O problema com a teoria da raça crítica Pt 2

O que prossegue aqui na Parte 2 é uma continuação de uma discussão anterior sobre a Teoria da Raça Crítica. Notado no primeiro artigo, era o propósito do autor cobrar três problemas com a Teoria Da Raça Crítica. Devido à natureza e duração do problema um, os problemas dois e três devem ser tratados aqui. O problema dois considerará a discussão de Delgado e Stefancic sobre o “nacionalismo”, seguida de uma breve discussão sobre “privilégio branco” no problema três.

problema #2

Há também o ponto que Delgado e Stefancic fazem chamado Looking Inward.
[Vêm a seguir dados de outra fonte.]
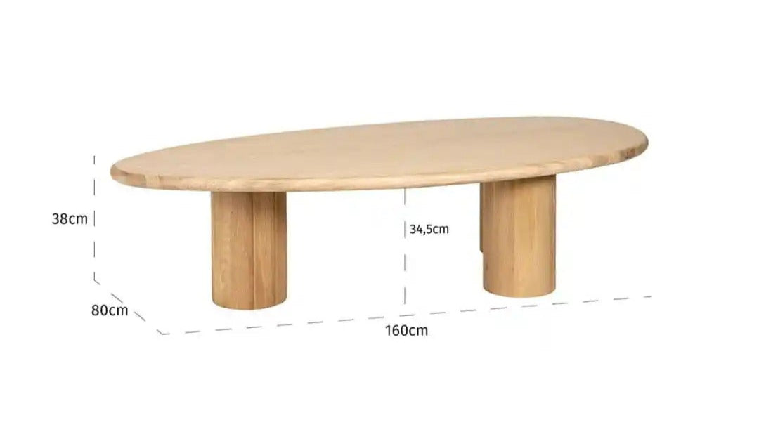 Elegantní konferenční stolek Oakley s oblinami spojuje minimalistickou formu s rafinovaným přírodním povrchem. Zaoblená deska vyrobená z dubové dýhy a dubového dřeva vypadá neobyčejně lehce, a přitom pevně. Silná základna ve tvaru válce mu dodává stabilitu a představuje výrazný, moderní prvek, který skvěle ladí s organickými liniemi desky.

Essa noção é basicamente destinada a pedir às minorias que façam uma de duas coisas: 1.) Assimilar-se ao sistema e usá-lo para beneficiar suas próprias comunidades, e 2.) para sair do sistema para uma espécie de nacionalismo, contando assim com suas próprias engenhosidades. Aqui está uma amostra da idéia:

“Derrick Bell, por exemplo, instou seus colegas afro-americanos a renunciar à luta pela integração escolar e almejar a construção das melhores escolas negras possíveis. Outros nacionalistas da CRT defendem a posse de armas, alegando que historicamente a polícia neste país não tem protegido os negros contra a violência, na verdade têm visitado-a muitas vezes sobre eles. Outros nacionalistas insistem no estabelecimento de escolas negras no interior da cidade, às vezes apenas para homens, sob a alegação de que meninos de cor precisam de modelos fortes e não podem encontrá-los facilmente nas escolas públicas.”[1]

Mais uma vez ele diz: “Os nacionalistas honram os estudos étnicos e a história como disciplinas vitais e olham com ceticismo para os membros de seus grupos que namoram, casam ou formam amizades próximas com brancos ou buscam emprego em locais de trabalho ou indústrias dominados por brancos.”[2]

E mais uma vez: “Uma posição moderada… sustenta que é aceitável que as minorias busquem vagas em profissões como direito, medicina e negócios, desde que apliquem suas habilidades em benefício de comunidades minoritárias.”[3]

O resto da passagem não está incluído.